Internal Monologue Of A Blood Ogre LordApproximately Four Minutes Before Everything Went WrongAnd Two Minutes After It Had Already Started Going Wrong
I am Kargath the Consuming.
I have destroyed eleven Hunter teams.
Eleven.
Not defeated. Not repelled. Destroyed. Completely. With considerable efficiency and some personal satisfaction.
The eleventh team was a B-Rank response unit that arrived with specialized equipment and a formation strategy and a speech about justice. The speech took forty seconds. I destroyed them in thirty five. I didn't even wait for the speech to finish. That felt appropriate.
I stepped through the Gate into this city forty seconds ago.
The city is large. Loud. Full of the small creatures in metal boxes. The usual.
I have destroyed eleven Hunter teams.
I am not concerned.
There is a man on the road.
He is not running.
He is not in colored armor.
He is crouching on the pavement pressing his hand flat against it and looking at the ground with the expression of someone doing something very specific that they do not want interrupted.
He has no aura.
His mana is—
I checked.
It is the ambient background of the street.
He is weaker than the pavement he is pressing his hand against.
He is an F-Rank human in a cleaning uniform pressing his hand against a road.
I have destroyed eleven Hunter teams.
I am Kargath the Consuming.
Why is something wrong.
Why is something VERY wrong.
There is nothing wrong.
He is F-Rank.
He is pressing his hand against a road.
My instincts which have never failed me in twelve dimensions of existence are currently generating a response I have never received before.
The response is: reconsider your life choices.
I have never reconsidered my life choices.
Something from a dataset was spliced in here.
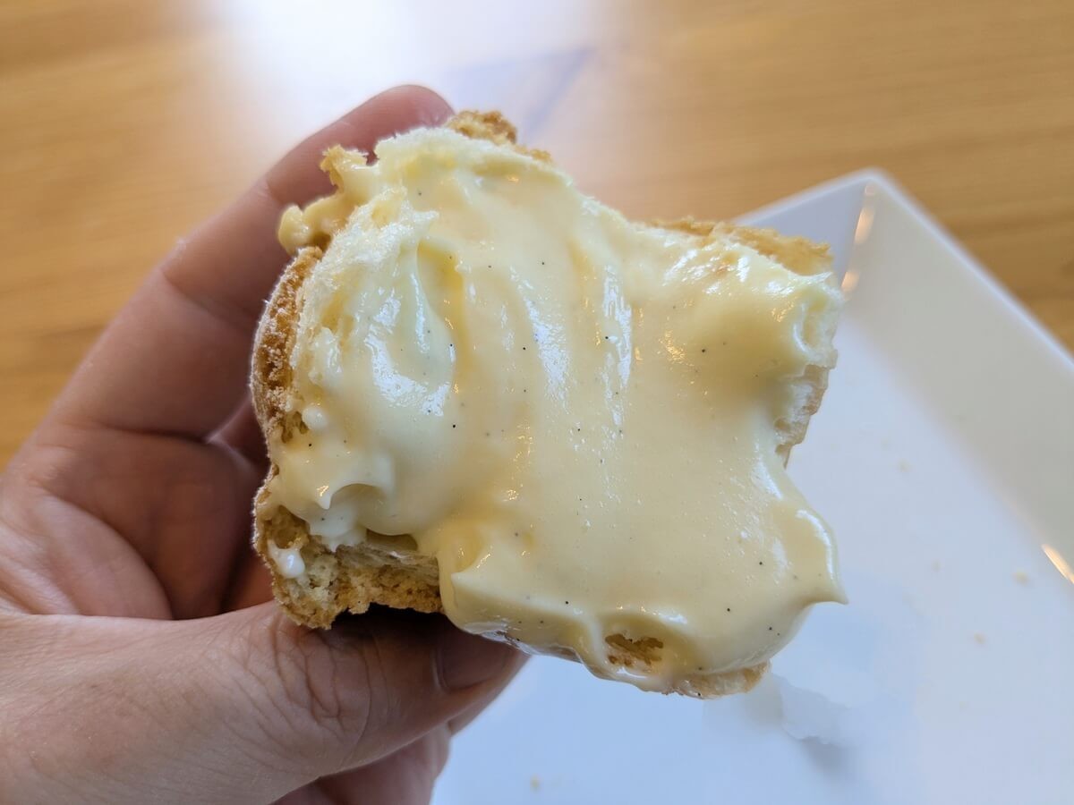 しかし、これだけ溢れんばかりのカスタードでも甘さは控えめなため、意外にもあっさりとした食べごたえ。油断すると一人で何個でも食べてしまいます。

I have destroyed eleven Hunter teams.
He just looked up.
He is looking at me.
He looks annoyed.
Not afraid.
Not impressed.
Annoyed.
Specifically annoyed in the way of someone who was doing something important and has been interrupted by something that had no business interrupting it.
I am Kargath the Consuming.
I am not an interruption.
I AM—
He just said something.
He said: "You came through that Gate."
"Yes," I said. Because I did come through the Gate. That is accurate.
He said: "You stepped on my mapping grid."
I looked down.
There are small marks on the road.
Very precise small marks in chalk.
I am standing on approximately seven of them.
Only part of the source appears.